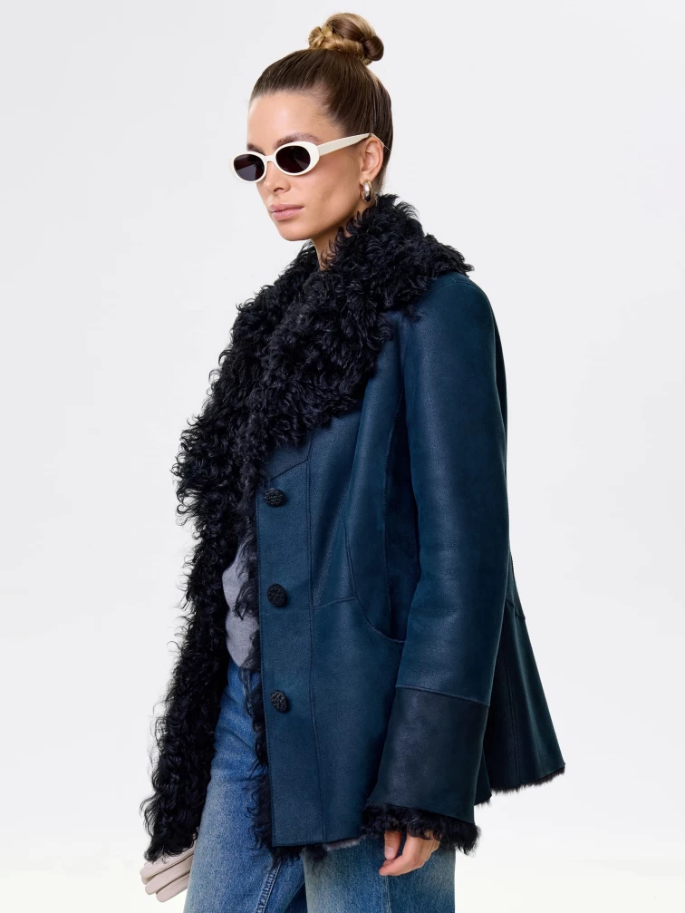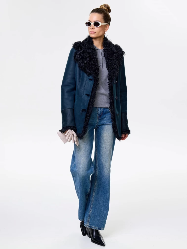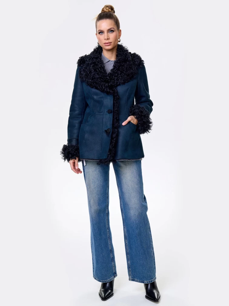 Товар короткая женская дубленка с овчиной тиградо 289, синяя, размер 42, артикул 61951 выполнен из овчина "мерино" с застежкой пуговицы. Рассчитан на сезон: осень-зима. Длина изделия 70 см, силуэт полуприлегающий.
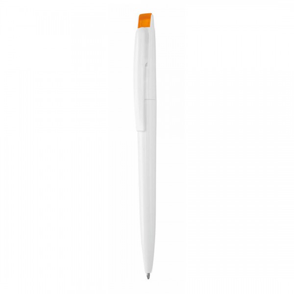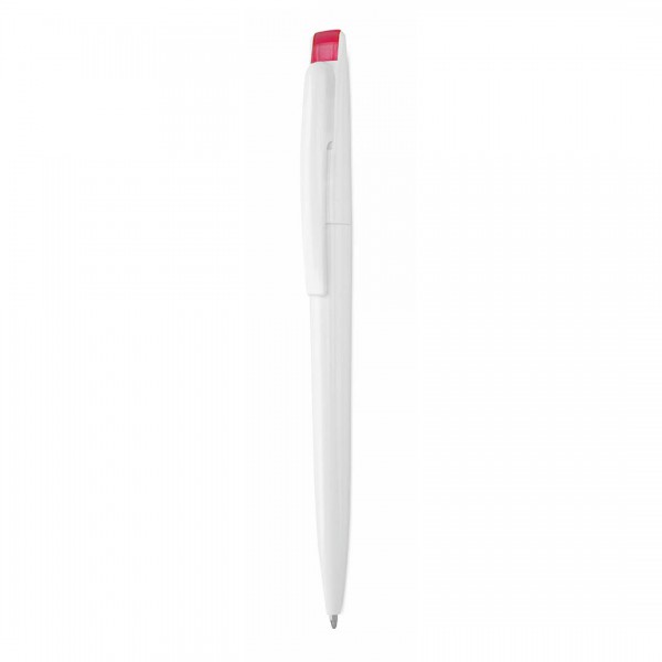 Bolígrafo de mecanismo giratorio de atrevido diseño bicolor con accesorios en vivos colores translúcidos y cuerpo de suave acabado en color blanco sólido y original clip curvado.
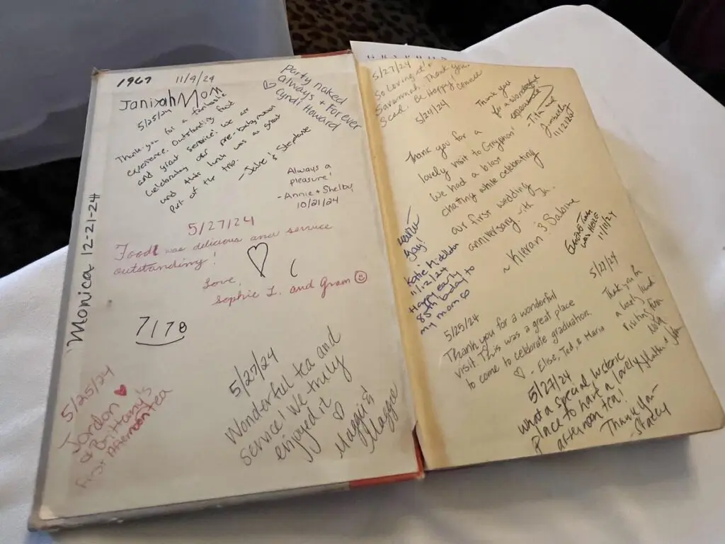 As we finished our meal, our bill was placed on our table in a book. I opened the book which actually turned out to be filled with messages from previous guests.
++++++++++
Task requirements ▸ Write out everything in the data word for word. Omit each picture.

Response area ▸
 Товар короткая женская дубленка с овчиной тиградо 289, синяя, размер 42, артикул 61951 выполнен из овчина "мерино" с застежкой пуговицы. Рассчитан на сезон: осень-зима. Длина изделия 70 см, силуэт полуприлегающий.
 Bolígrafo de mecanismo giratorio de atrevido diseño bicolor con accesorios en vivos colores translúcidos y cuerpo de suave acabado en color blanco sólido y original clip curvado.
 As we finished our meal, our bill was placed on our table in a book. I opened the book which actually turned out to be filled with messages from previous guests.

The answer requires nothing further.